However in soccer, the game is still exciting and fast moving even when goals aren't being scored.
My son's coach did the same thing. And he put in the less experienced boys, so my son got some actual playing time. It worked well and most of the kids on both teams came away with a positive experience.
I always wonder what we are teaching kids when we get upset about these blowout games or we start asking kids to play differently (such as not scoring goals as part of a 'mercy rule'). Part of sportsmanship is losing as well as winning. It's learning to lose gracefully that helps us to grow up, I think. When I was growing up, sports among kids were competitive. Our parents TAUGHT us to be competitive and also that there was no shame in losing so long as you tried your very best. When we lost a game, my softball coach would ask us what we thought we could have done better and we spent our time working on that.
These days people are SO afraid of hurting kids feelings. Being competitive is looked upon as a 'bad thing'. Little Johnny can't learn about defeat because it's 'demeaning'. LIttle Janey can't be allowed to win a game by more than a certain margin because the other team might get their feelings hurt.
Not everyone can win every game. It's one of the earliest things we learn as young children when we start playing Candyland. Sometimes you do lose and, yes, it sucks but it's not the end of the world.
Part of what sports should do is teach dealing with failure. All the varied kinds. Sometimes, you have bad luck. Sometimes, you get soooo close, but not close enough.
and some days, it was your day to get your ass whupped but good.
Learning how to deal with such things, and how to *learn* from that failure is the important part. Stuff like mercy rules and not counting points, etc., is so counter productive, because eventually, the little dears will be in a situation where they won't have someone making it "less unfair", and they'll be totally unprepared to deal with it.

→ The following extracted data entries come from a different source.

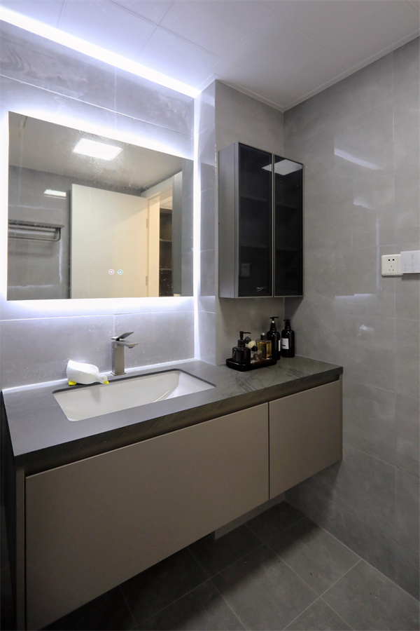 浴室柜懸浮設(shè)計,臺面做嵌入式,便于打掃,簡約的柜門將繁雜收納其中,雙邊燈帶增加空間質(zhì)感。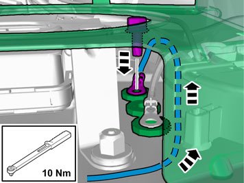 - Insert the cable with the connector in the hole in the spare wheel well and install the rubber bushing.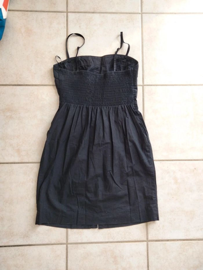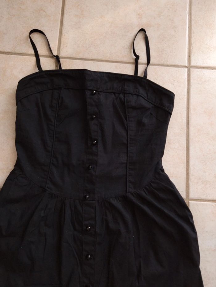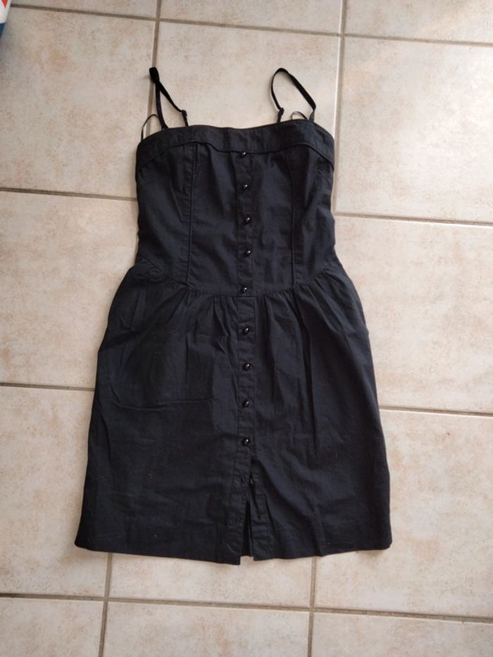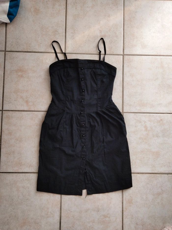 Robe noir à bretelles avec boutons Élastique à l'arrière mais manque 2 bontons!! Taille : XS/S En bon état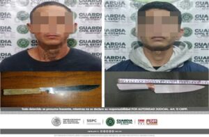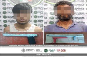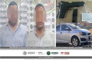 San Luis Potosí, S.L.P.- Tras los operativos de seguridad, efectuados en la capital potosina, elementos de la Guardia Civil Estatal (GCE) detuvieron a dos hombres,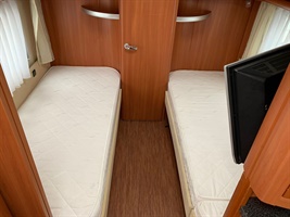 Velké rozkládací sezení ve tvaru U, dvě oddělené postele, kuchyň, zadní koupelna- WC, umyvadlo, plnohodnotný samostatný sprchový kout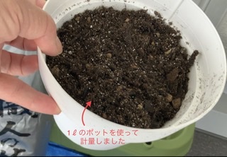 - 「腐葉土」を1.5ℓほど入れていきます

Instead of creating false realities and expectations, after a blowout, go out for some ice cream, then the next practice, sit down and teach them how to go through that blowout, and learn where they could have done something different, or adjusted. Failures are some of the best learning experiences you'll ever have, why hide from them?
How timely! I am living in this hell currently. My 10 year old's basketball team won their monday game by 20 pts. There were 4 six minute quarters.. how long did my daughter play? 7 minutes. That was the longest she played at any game this season.
Today they only won by two points. She played less then 3 minutes. She was heartbroken. After the game she cried. The coach came by and aske why... I told him that she was crying because she is tired on never playing so that the team can win. Let's just say that he didn't take it well.
Shouldn't a ten year old play at least a full quarter of the game? I am tired of feeling like an unreasonable bitch for wanting that. I don't think that my husband would take my side on this...
If she just wants to play, that's what pickup games are best at. She can play for hours, and, along the way, improve her skills. Or decide that playing organized isn't for her. I LOVED playing pickup football. At one point, we all had our own pads, we'd go commit mayhem all over each other for hours every weekend. But actually playing for a TEAM? Nah, that was tedious, and boring.
With anything you give something up. When it's just a pickup game, you don't get trophies or your name in the paper, but you have a ton more fun.
When it's organized, you may get bigger rewards, but you may not play. That's part of teamwork, subsuming the individual desire for the collective goal of helping the team. Everything is a tradeoff. If she really wants to just play some roundball, you don't need a team for that.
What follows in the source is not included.